- _PROBLEM DETAILS_
Strip out the pictures and transcribe the records that follow exactly.

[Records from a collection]
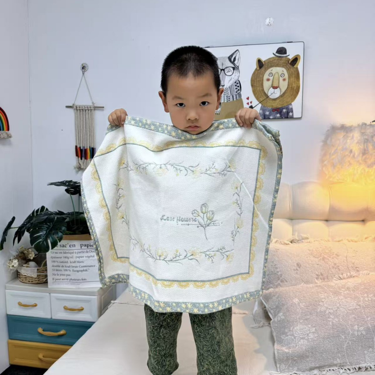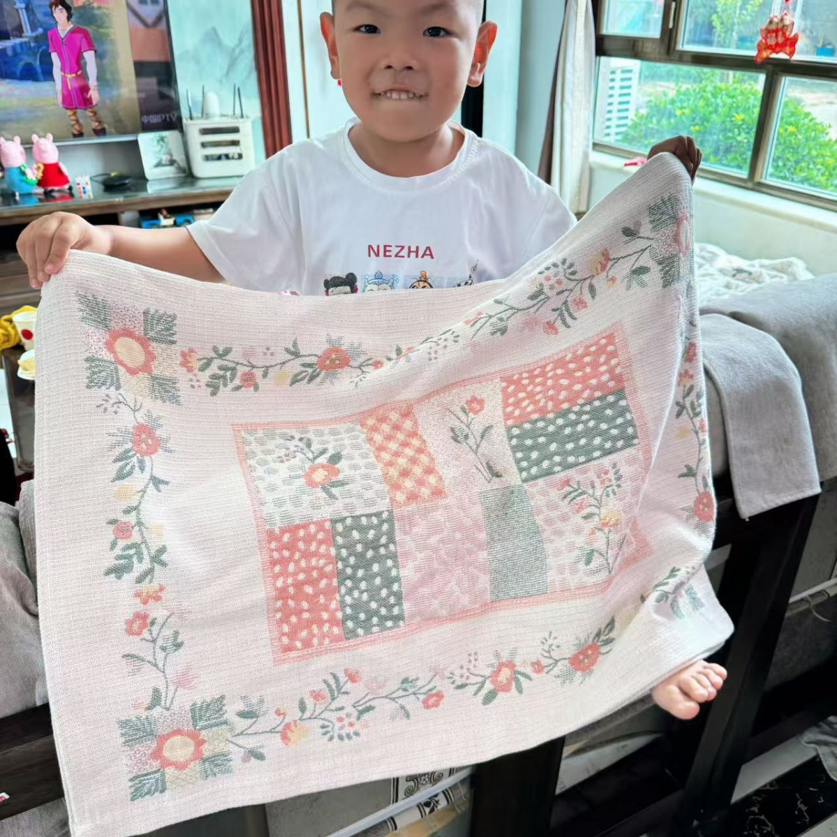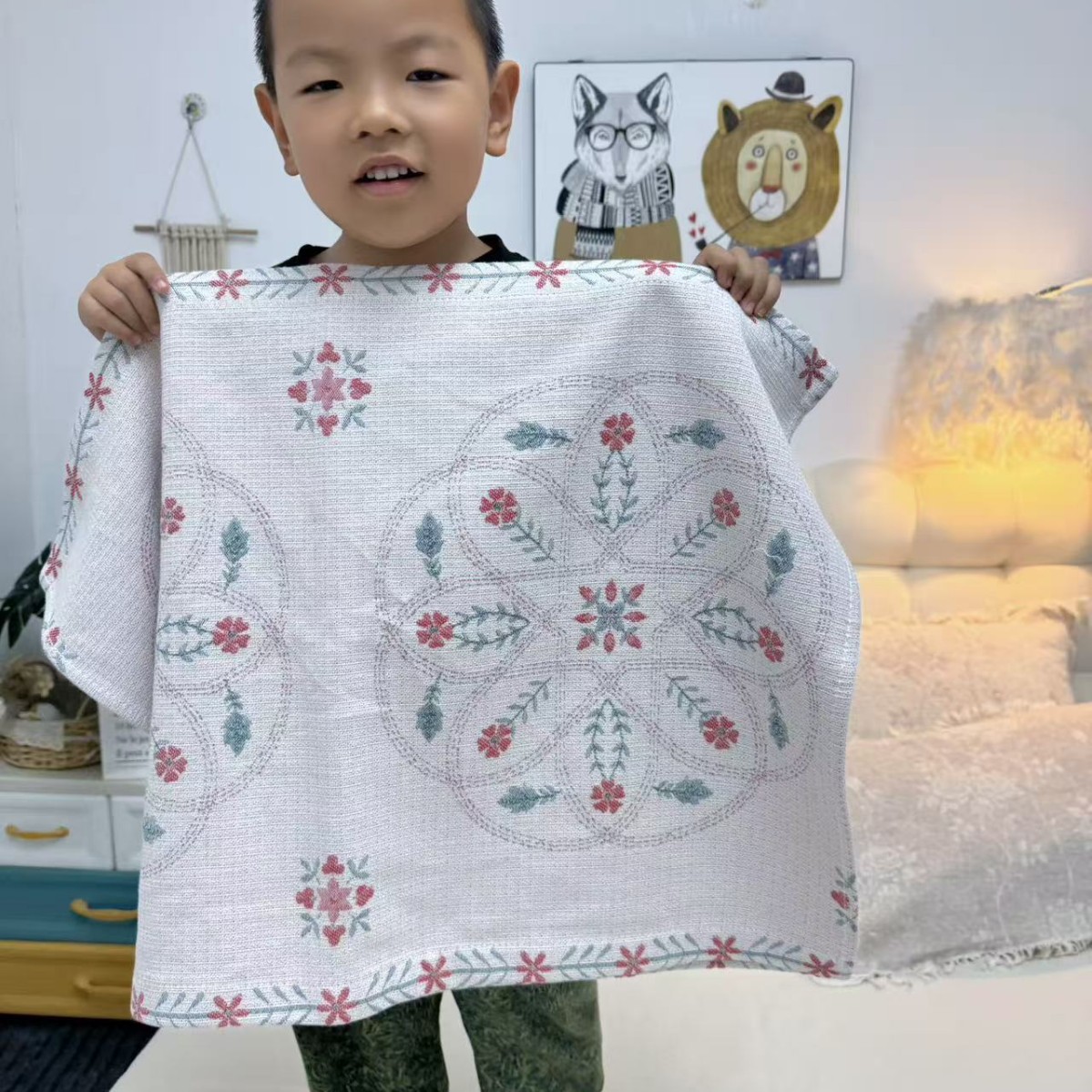 花柄シリーズ 麻小タオル 子供用フェイスタオル 4重ガーゼ ジャガードハンカチタオル 幼稚園フェイスタオル
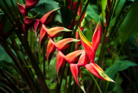 Photo of a macro of bright exotic red flowers in a tropical forest
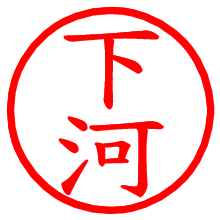 [朱肉の色]を選び、入力窓に“下河”と入力して[生成]ボタンを押すと、印影が更新され、リンクから電子印鑑(デジタル印影)がダウンロードできます。 電子印鑑「下河」の作り方文字表示が変なときや、文字バランスが悪いときは[字形切替]のチェックボックスでON/OFFを切り替え[生成]しなおしてください。 生成される画像は通常の印影「下河.png」と、にじみを表現した少し太めの印影「下河B.png」の背面透過PNG形式2種と、鮮明なPDF形式の印影「下河.pdf」の計3種類です。 朱肉の微妙な色の違いを7色で表現しました。デフォルト(左端)は、JISが定めた朱肉の色のマンセル値(7.5R 5/14)をRGB値(217,66,54)に変換したものになっています。 「電子透かし」にチェックを入れて[生成]ボタンを押すと、タイムスタンプを電子透かしとして埋め込んだセキュアな電子印鑑が作れます。詳細は別ページの「タイムスタンプと電子透かし」でご覧ください。 下河さんの日付印が作れます。「日付スタンプメーカー」は、社内向けの書類に利用されることの多い日付印(データ印)が無料で作れるWebアプリケーションです。中段に日付が入り、上段と下段は、ともに8文字まで文字が入ります。 ![]() 古代文字で落款印が作れます。「落款スタンプメーカー」で作品を引き立たせる落款印が作れます。
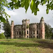Gelston Castle, located near Castle Douglas in Kirkcudbrightshire in Dumfries and Galloway, Scotland, was built by Sir William Douglas of Castle Douglas, who had acquired the lands of Gelston in 1799.[1] However, Sir William Douglas died without issue in 1809 and his property was divided between various nieces and nephews, with Gelston going to the youngest daughter of his brother James, Mathilda Douglas. In 1813 Mathilda married William Maitland, and their family continued to preside over the estate for most of the 19th Century. Gelston then became the property of the Galliers-Pratts who retained the castle for pheasant shooting, and from whom it was requisitioned during World War II. During this time it served as a home for handicapped boys evacuated from Glasgow, before the roof was removed once this use had ceased.[2]
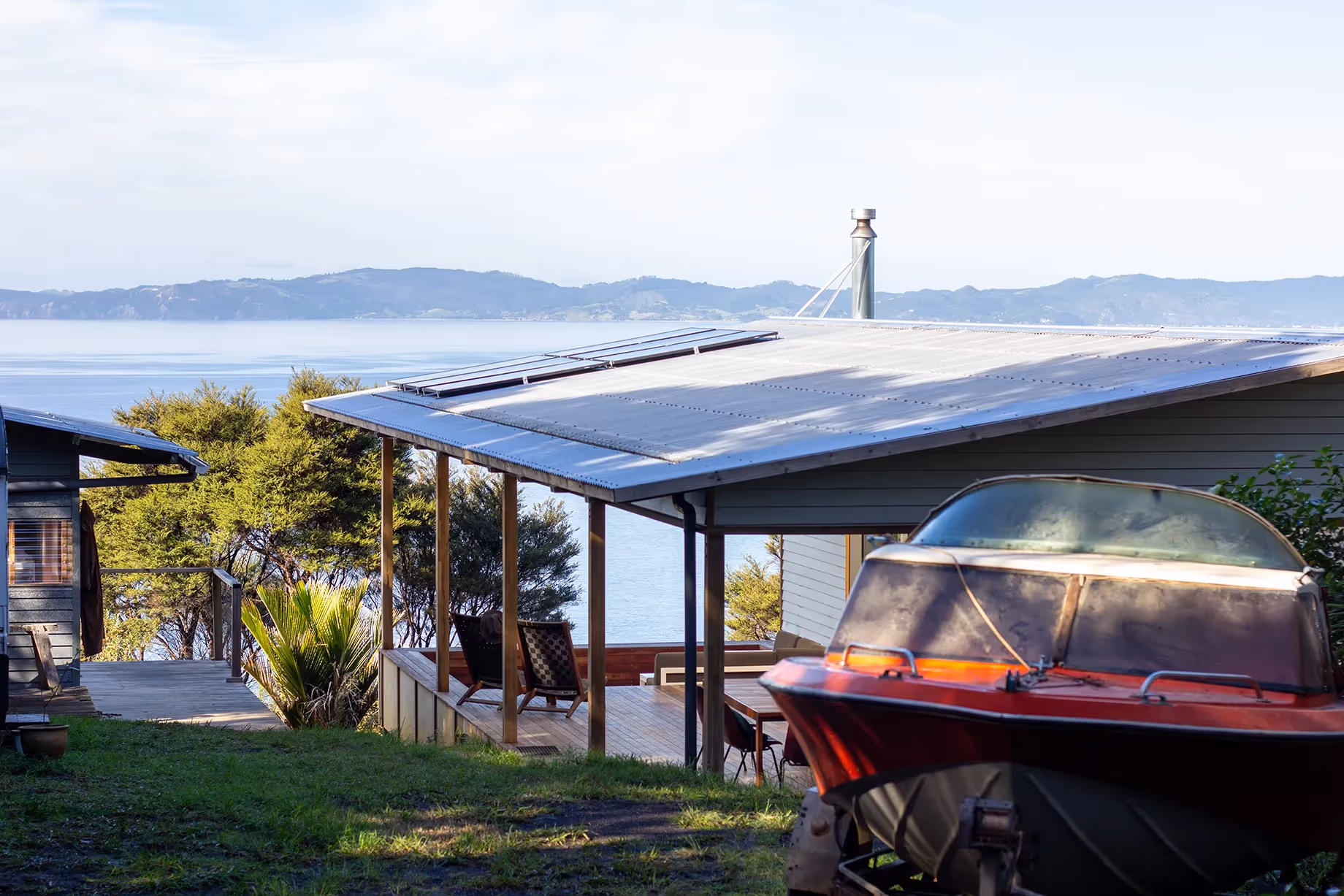 The project takes inspiration from the cabins Harry and his father built some years ago out of a recycled Skyline garage. The design carefully considers details to maintain the agrarian charm inherent in the cabins that the family has grown to love. Tim, Harry’s dad, reckons the word “outcome” objectifies the project and feels too definitive… he prefers the term “the resultant building,” which is certainly more fitting for a project that is still, slowly, one weekend at a time, receiving refinement.
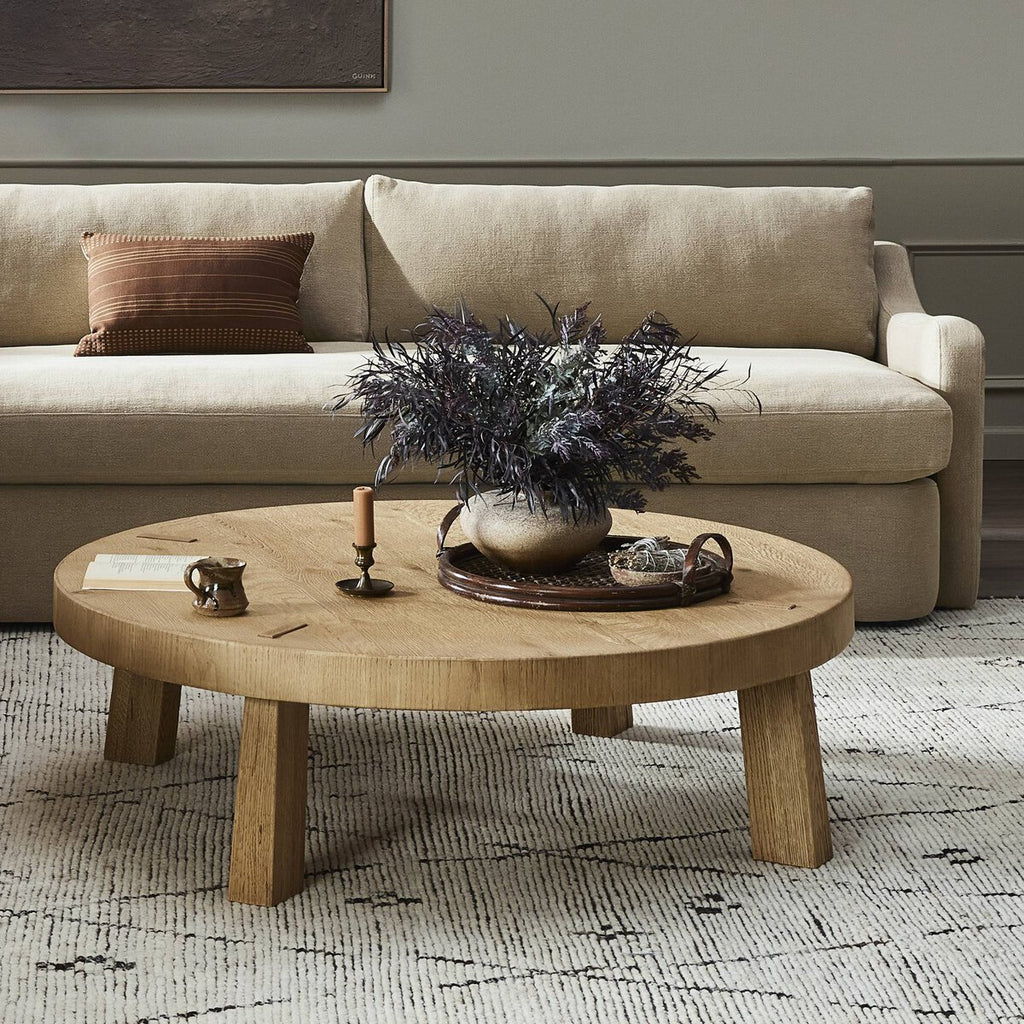Large-scale Swedish folk inspiration. This coffee table comes in a beautifully distressed, thick oak veneer — the perfect bold, antiqued living room centerpiece. Pull-through legs show exposed joinery for an authentic look. A design collaboration by Amber Lewis and Four Hands. This item has limited online distribution and may not be sold on websites without prior approval. Visit the FAQ page in our Help Center for more details.
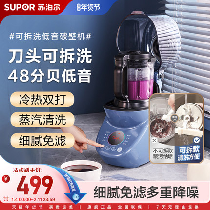 苏泊尔低音可拆洗破壁机家用加热自动豆浆机非静音多功能料理机
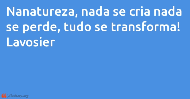 Lavosier: Nanatureza, nada se cria nada se perde, tudo se tr
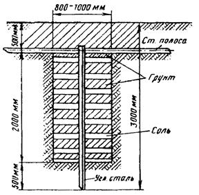 Рис. 18.13. Конструкция котлована при обработке грунта солью для установки заземлителя из уголковой стали
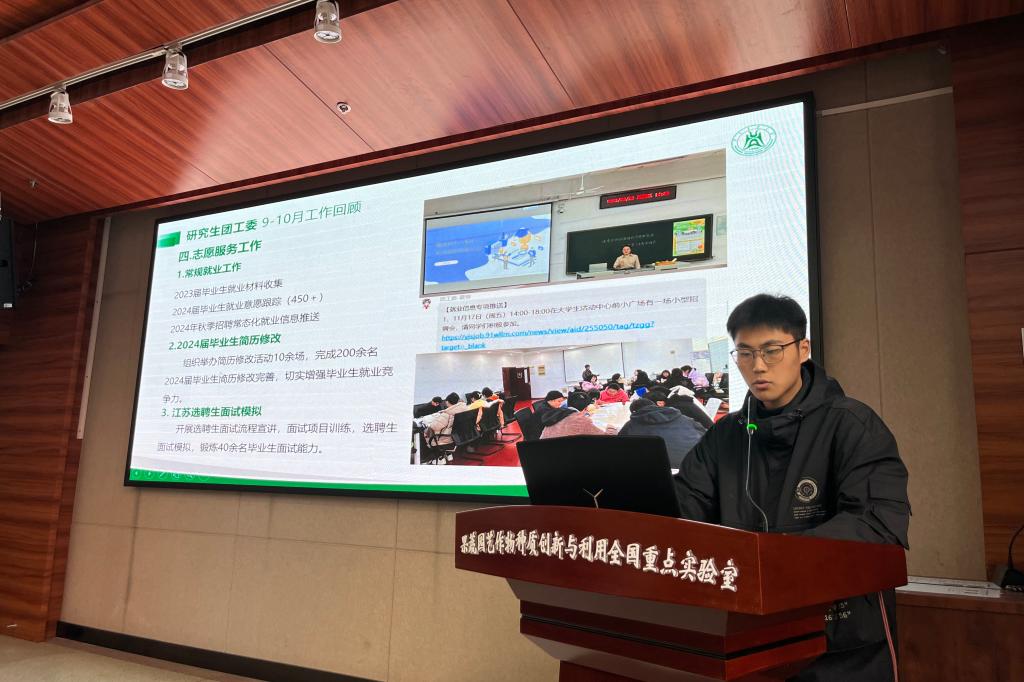 会议第二项,党建办主任闫昱升,团工委副书记管宪宽,研究生会主席团李贵华,科学与技术协会主席黄婧婷对近阶段的学生工作开展情况进行总结汇报并交流了工作感想。
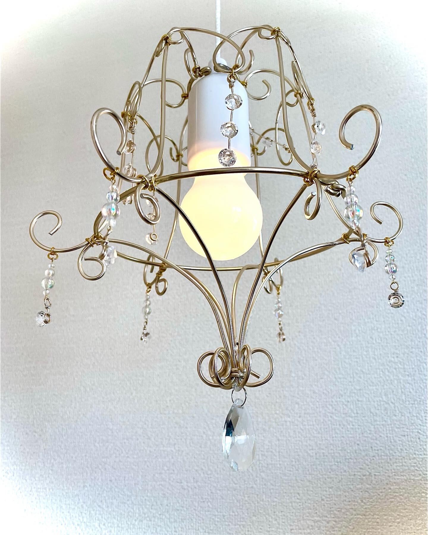 シャンパンゴールドのワイヤーとダイヤカットのアクリルチャームがアクセントに大人可愛く豪華なシャンデリアとなりました。
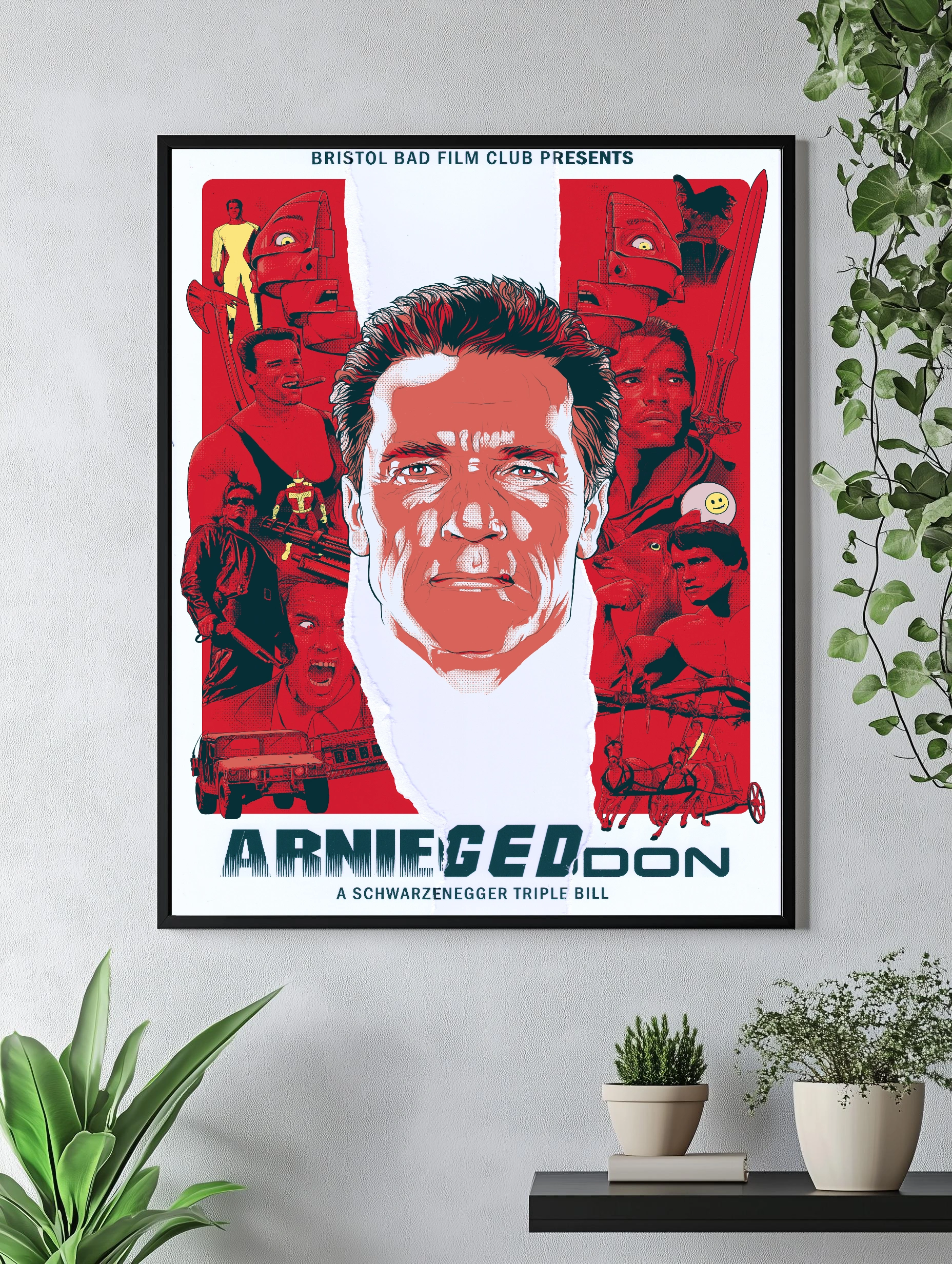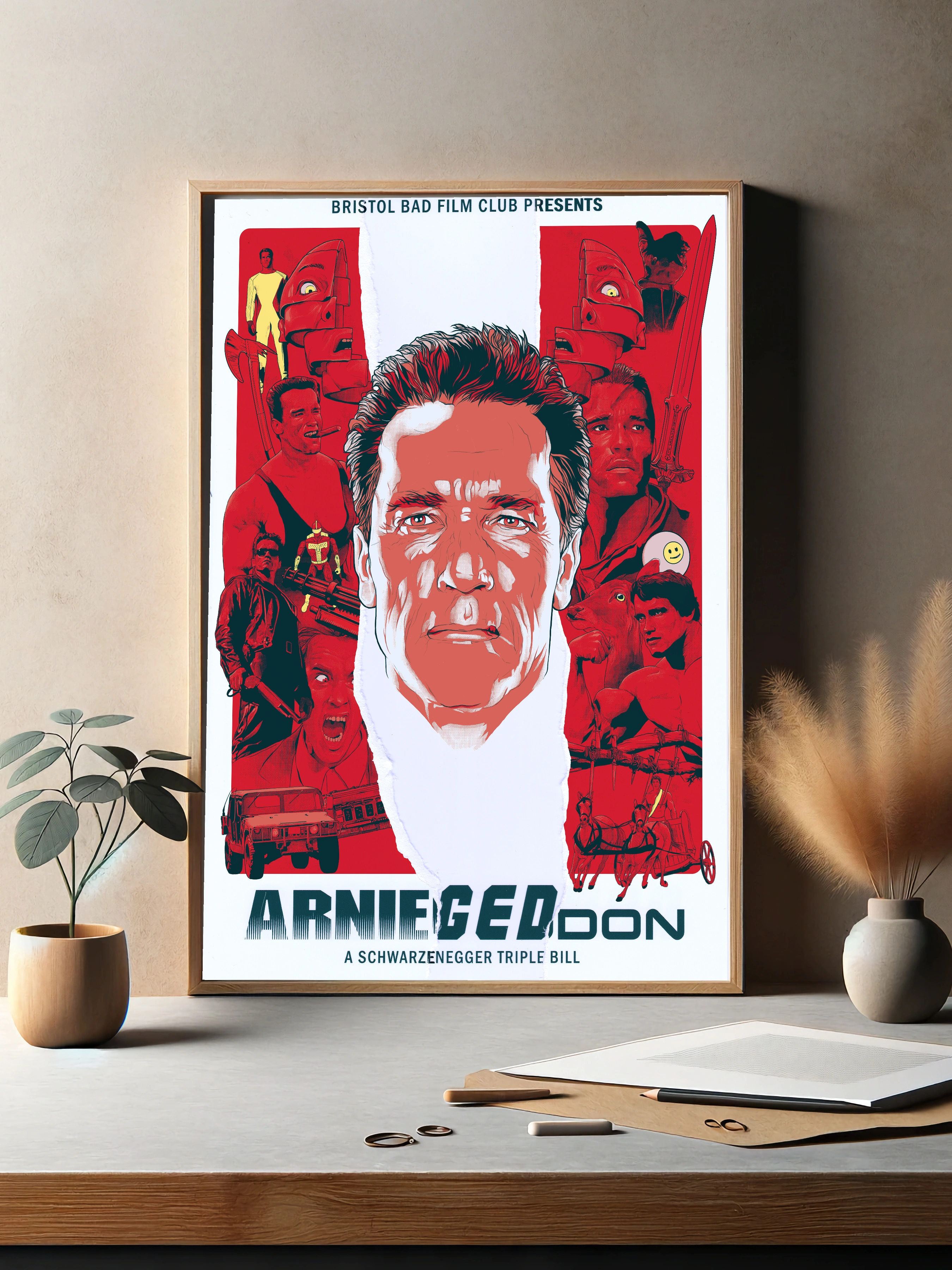 Яркая картина с изображением Арнольда Шварценеггера в центре, на фоне выдержанных в красных тонах силуэтов героев и сцен из его самых знаменитых фильмов. Этот интерьерный постер на холсте подчеркнет уникальность и стиль любого пространства, будет отличным декоративным элементом в гостиной или офисе. Художественный плакат объединяет кинематографическую тему и современное искусство для стен.

- _FINAL ANSWER_
 花柄シリーズ 麻小タオル 子供用フェイスタオル 4重ガーゼ ジャガードハンカチタオル 幼稚園フェイスタオル
 Photo of a macro of bright exotic red flowers in a tropical forest
 [朱肉の色]を選び、入力窓に“下河”と入力して[生成]ボタンを押すと、印影が更新され、リンクから電子印鑑(デジタル印影)がダウンロードできます。 電子印鑑「下河」の作り方文字表示が変なときや、文字バランスが悪いときは[字形切替]のチェックボックスでON/OFFを切り替え[生成]しなおしてください。 生成される画像は通常の印影「下河.png」と、にじみを表現した少し太めの印影「下河B.png」の背面透過PNG形式2種と、鮮明なPDF形式の印影「下河.pdf」の計3種類です。 朱肉の微妙な色の違いを7色で表現しました。デフォルト(左端)は、JISが定めた朱肉の色のマンセル値(7.5R 5/14)をRGB値(217,66,54)に変換したものになっています。 「電子透かし」にチェックを入れて[生成]ボタンを押すと、タイムスタンプを電子透かしとして埋め込んだセキュアな電子印鑑が作れます。詳細は別ページの「タイムスタンプと電子透かし」でご覧ください。 下河さんの日付印が作れます。「日付スタンプメーカー」は、社内向けの書類に利用されることの多い日付印(データ印)が無料で作れるWebアプリケーションです。中段に日付が入り、上段と下段は、ともに8文字まで文字が入ります。 ![]() 古代文字で落款印が作れます。「落款スタンプメーカー」で作品を引き立たせる落款印が作れます。
Gelston Castle, located near Castle Douglas in Kirkcudbrightshire in Dumfries and Galloway, Scotland, was built by Sir William Douglas of Castle Douglas, who had acquired the lands of Gelston in 1799.[1] However, Sir William Douglas died without issue in 1809 and his property was divided between various nieces and nephews, with Gelston going to the youngest daughter of his brother James, Mathilda Douglas. In 1813 Mathilda married William Maitland, and their family continued to preside over the estate for most of the 19th Century. Gelston then became the property of the Galliers-Pratts who retained the castle for pheasant shooting, and from whom it was requisitioned during World War II. During this time it served as a home for handicapped boys evacuated from Glasgow, before the roof was removed once this use had ceased.[2]
 The project takes inspiration from the cabins Harry and his father built some years ago out of a recycled Skyline garage. The design carefully considers details to maintain the agrarian charm inherent in the cabins that the family has grown to love. Tim, Harry’s dad, reckons the word “outcome” objectifies the project and feels too definitive… he prefers the term “the resultant building,” which is certainly more fitting for a project that is still, slowly, one weekend at a time, receiving refinement.
Large-scale Swedish folk inspiration. This coffee table comes in a beautifully distressed, thick oak veneer — the perfect bold, antiqued living room centerpiece. Pull-through legs show exposed joinery for an authentic look. A design collaboration by Amber Lewis and Four Hands. This item has limited online distribution and may not be sold on websites without prior approval. Visit the FAQ page in our Help Center for more details.
 苏泊尔低音可拆洗破壁机家用加热自动豆浆机非静音多功能料理机
 Lavosier: Nanatureza, nada se cria nada se perde, tudo se tr
 Рис. 18.13. Конструкция котлована при обработке грунта солью для установки заземлителя из уголковой стали
 会议第二项,党建办主任闫昱升,团工委副书记管宪宽,研究生会主席团李贵华,科学与技术协会主席黄婧婷对近阶段的学生工作开展情况进行总结汇报并交流了工作感想。
 シャンパンゴールドのワイヤーとダイヤカットのアクリルチャームがアクセントに大人可愛く豪華なシャンデリアとなりました。
 Яркая картина с изображением Арнольда Шварценеггера в центре, на фоне выдержанных в красных тонах силуэтов героев и сцен из его самых знаменитых фильмов. Этот интерьерный постер на холсте подчеркнет уникальность и стиль любого пространства, будет отличным декоративным элементом в гостиной или офисе. Художественный плакат объединяет кинематографическую тему и современное искусство для стен.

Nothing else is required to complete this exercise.